■ **DATA EXTRACT**:
----
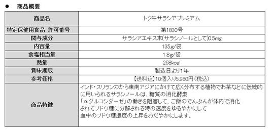 「トク牛サラシアプレミアム 」は、食後の血糖値が高めで、食事に含まれる糖質が気になる方の食生活改善に役立つ特定保健用食品です。
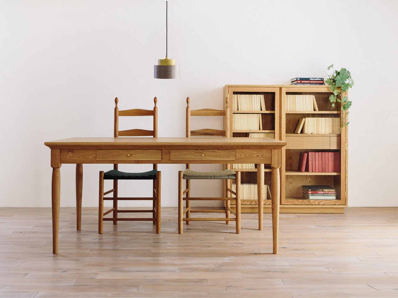 引出し付のダイニングテーブルです。引出しツマミの真鍮がポイントの温かみのあるテーブルです。
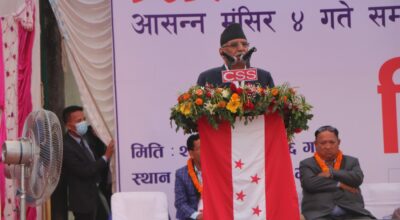 कर्णाली, २७ कात्तिक । नेकपा एमालेका अध्यक्ष केपी शर्मा ओलीले आज कर्णाली प्रदेशका तीन वटा जिल्लाका आमसभालाई आज सम्बोधन गर्दैछन् । शनिबार सुदूरपश्चिम प्रदेशको डोटी र धनगढीका आमसभालाई सम्बोधन गरेका
----
■ **DESCRIPTION OF THE TASK**:
Set the listing down in full and exactly. Pictures within it should not appear in the copy.

■ **REPLY**:
 「トク牛サラシアプレミアム 」は、食後の血糖値が高めで、食事に含まれる糖質が気になる方の食生活改善に役立つ特定保健用食品です。
 引出し付のダイニングテーブルです。引出しツマミの真鍮がポイントの温かみのあるテーブルです。
 कर्णाली, २७ कात्तिक । नेकपा एमालेका अध्यक्ष केपी शर्मा ओलीले आज कर्णाली प्रदेशका तीन वटा जिल्लाका आमसभालाई आज सम्बोधन गर्दैछन् । शनिबार सुदूरपश्चिम प्रदेशको डोटी र धनगढीका आमसभालाई सम्बोधन गरेका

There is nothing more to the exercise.